From a project perspective, the first wave is also the easiest to get rich. PPT+fork valuation is not tens of billions To dream, all you need to do is not to do anything. Being able to do things and speculate on concepts is the most important. In the second wave, the difficulty of making money has also increased exponentially. The business model of the track is self-generating. Only by winning PVP with competing products can you survive. Surviving is a monopoly. Make money while lying down.
In this pattern, the first wave of each new narrative is driven by bubbles, from the small-scale wealth effect within the circle To the large-scale wealth effect within the circle, it finally successfully exited the circle to attract new leeks from outside the circle to enter. It was these new funds that drove the main rise of the bull market. In the end, because the new funds were exhausted, the bull market peaked and collapsed.
So, now come back and take a look at this bull market. It seems that the wealth effect is not caused by a certain innovative technology. This will attract new leeks from outside the industry to enter the market and promote the main rise in the bull market. What drives this wave of bull market rise is ETF! ETFs have indeed brought a large amount of old money and new money into the market, but the crux of the problem is that ETFs can only buy $BTC. If they make money on $BTC, they can only cash out into US dollars and cannot continue to invest in altcoins.

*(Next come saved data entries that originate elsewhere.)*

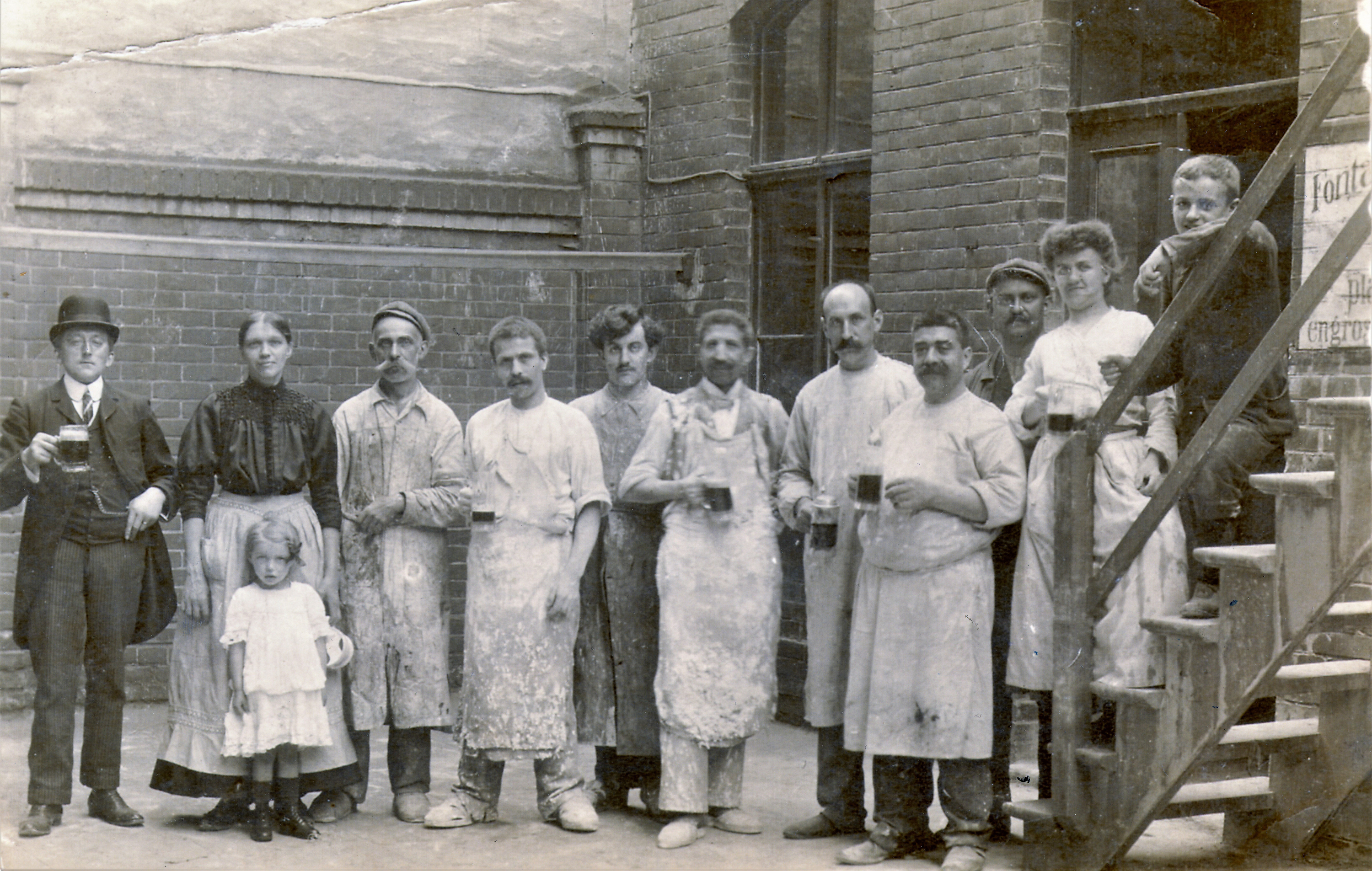 Mulini (Dritter von rechts) als Arbeiter in Berlin bei Fa. Irrgang. Um 1910 Urheber: Famlilie Mulini<br>Lizenz: cc-by-sa-3.0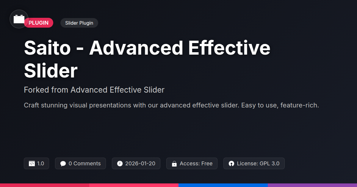So, there you have it. Saito isn't just another button to click or a fancy template to shoehorn your content into. It's a meticulously crafted tool for those who appreciate the finer points of web development and design, for those who believe that even something as seemingly simple as a slider can be a work of art and a powerhouse of engagement. You've seen how it slays the dragons of blandness that plague so many websites, offering a level of customization that would make lesser plugins weep. For you developers out there, it means less time wrestling with intricate CSS and JS, and more time doing what you do best: building awesome things. And for your clients? Well, they get a visual experience that doesn't just show them your client's message, it makes them feel it. Agencies, imagine the premium you can charge for presentations that genuinely captivate. Open-source aficionados, you get a robust, community-spirit-infused solution that’s constantly pushing boundaries. It’s the evolution you’ve been waiting for, the upgrade that’s not an upgrade but a revolution in how you display your most important content. Stop settling for slides that just… slide. Make them soar. Make them sing. Make them Saito. Your audience, your clients, and frankly, your sanity, will thank you for it. Now go forth and dazzle!
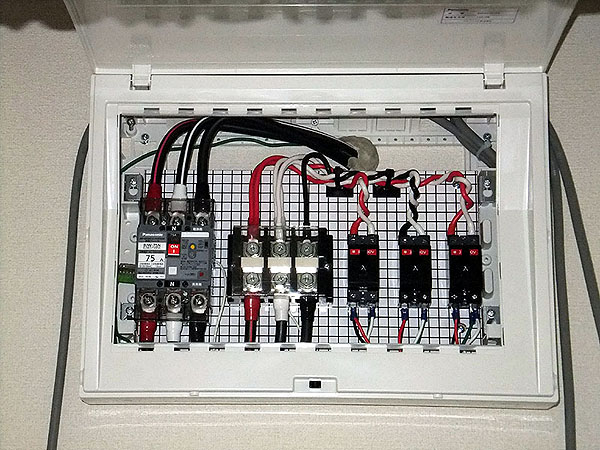 室内のボックスには75Aのブレーカー経由で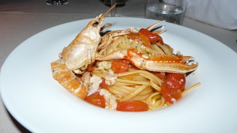 La carta è scarna e priva di un menu degustazione. Tra i primi abbiamo provato i paccheri setaro con totani, pomodorini e capperi e le linguine (fatte in casa) con scampi e pachino (una proposta del cortesissimo chef, venuto in soccorso di chi al tavolo non poteva mangiare molluschi).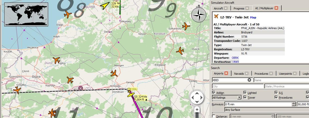 • In AI Offline mode, default MSFS offline traffic (both airliner and GA) is still present alongside ST offline traffic. The default MSFS offline traffic is not airline-specific, so MSFS will select a livery at random. You can tell whether an offline AI aircraft's flight plan is ST or default by looking at its Registration in LittleNavMap: ST flight registrations are always prefixed with the 3-digit airline code (e.g. RPA for a Republic Airways flight), whereas default registrations won't be (e.g. LZ-TKV). There is a way to disable the default offline traffic completely with a manual hack, but in that case you'd lose both default airliner and default GA traffic (since both types of traffic are generated by the same default file).

(Just like if you buy the CSI 300 Index Fund, your money fund will only help you buy those 300 stocks, if you want to buy the 301st stock through this fund, you can’t buy it), this is related to the altcoin season caused by the spillover of foreign funds (Guzhuang pulls mainstream currencies, after making money, the funds overflow to pull altcoins, and after making money, the funds return to mainstream currencies) There are essential differences, so we saw some very strange phenomena this time:
a) BTC surged, copycats The currency shortage does not follow, and BTC keeps sucking blood
b) I feel that the market should be very hot, but it seems that the enthusiasm for leeks is not as high as in the previous bull market. Most people have not made any money, and there is no past. The large-scale wealth effect of the bull market
c) The volume of open positions in the current contract is at a record high (see the figure below), indicating that the market is extremely hot, which is in sharp contrast to 2) the perception of leeks
[3] Summary: Based on macro reasons , the total amount of hot money in global investable risk assets must be decreasing. On this basis, plus micro reasons, I think this bull market is likely to be a BTC bull market, and the funds that can spill over to altcoins are far greater than in previous bull markets. There are few, and the copycat still mainly focuses on PVP with the amount of funds in the market. Before the interest rate cut cycle comes, it will be difficult for a real bull market to create wealth to come.